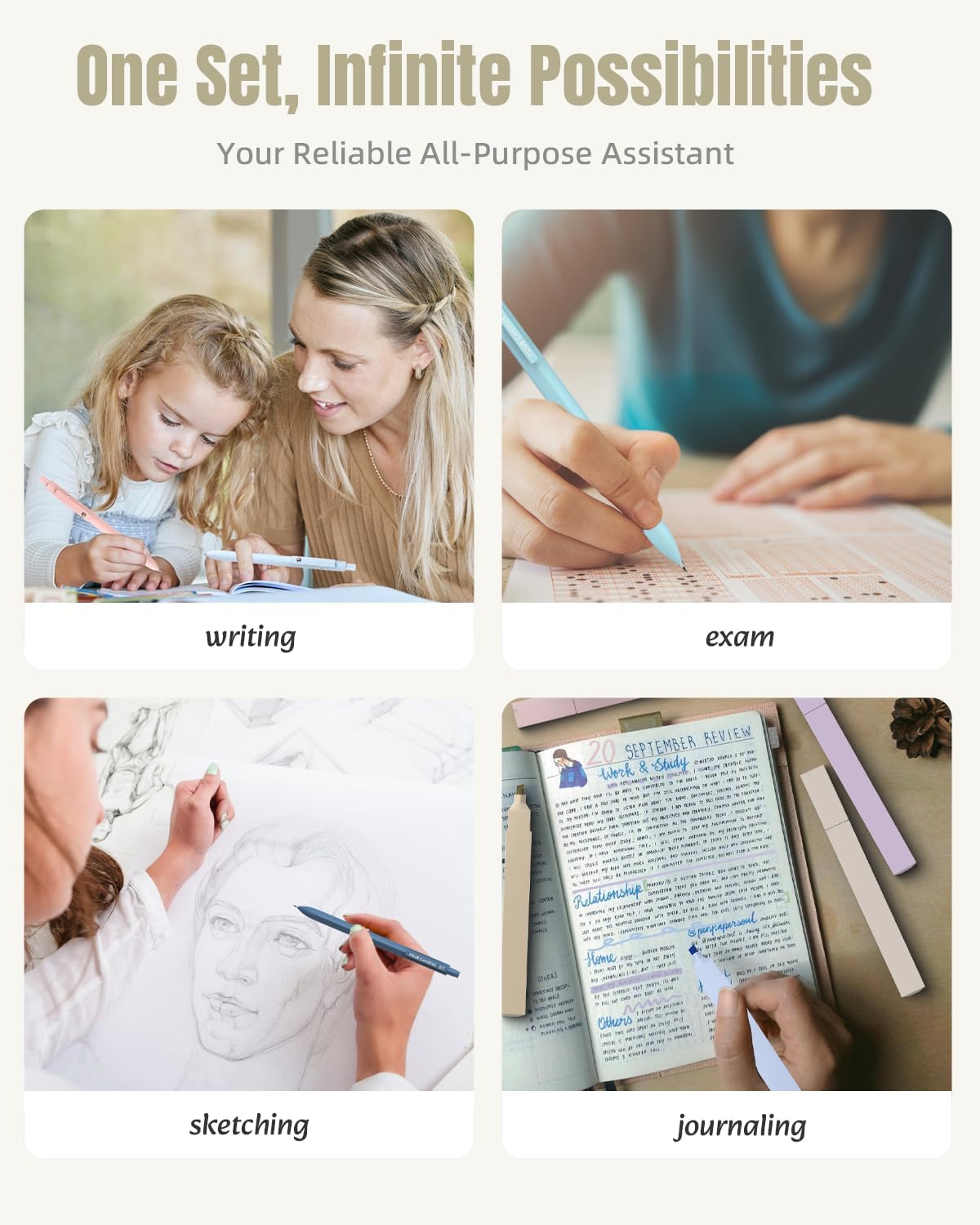 Four Candies 39 PCS Aesthetic School Supplies with Cute Pen Case, 12 Pastel Highlighters, 5 Black Ink Gel Pens, 6 Mechanical Pencils Set for Students Stationary College Essentials (Pink)
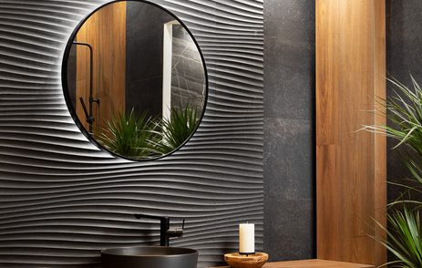 Dieses Bad vereint ästhetisches Design mit praktischer Raffinesse. Die Wandgestaltung in sanfter Wellenoptik bringt Bewegung und Tiefe in den Raum – ein Spiel von Licht und Schatten, das für Ruhe und Eleganz sorgt. Die wasserabweisende Tapete ergänzt das Konzept perfekt und verbindet moderne Technik mit stilvollem Auftritt.
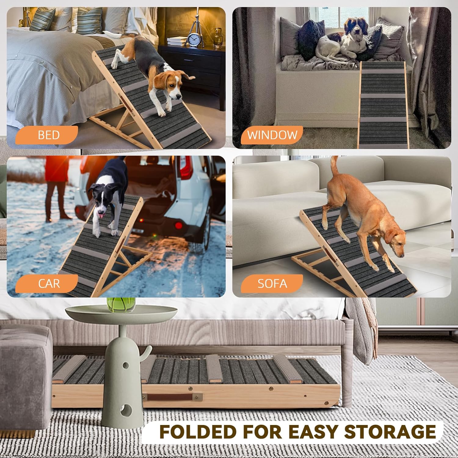- Comfortable & Non-Slip Surface: Carpet-covered steps and a grooved polyester ramp provide superior traction for paws, reducing the risk of slipping while ensuring a comfortable climbing experience for pets of all sizes.

────

EXERCISE AIM: Repeat every line of the data exactly, but do not include pictures.

PROBLEM SOLUTION:
 Four Candies 39 PCS Aesthetic School Supplies with Cute Pen Case, 12 Pastel Highlighters, 5 Black Ink Gel Pens, 6 Mechanical Pencils Set for Students Stationary College Essentials (Pink)
 Dieses Bad vereint ästhetisches Design mit praktischer Raffinesse. Die Wandgestaltung in sanfter Wellenoptik bringt Bewegung und Tiefe in den Raum – ein Spiel von Licht und Schatten, das für Ruhe und Eleganz sorgt. Die wasserabweisende Tapete ergänzt das Konzept perfekt und verbindet moderne Technik mit stilvollem Auftritt.
- Comfortable & Non-Slip Surface: Carpet-covered steps and a grooved polyester ramp provide superior traction for paws, reducing the risk of slipping while ensuring a comfortable climbing experience for pets of all sizes.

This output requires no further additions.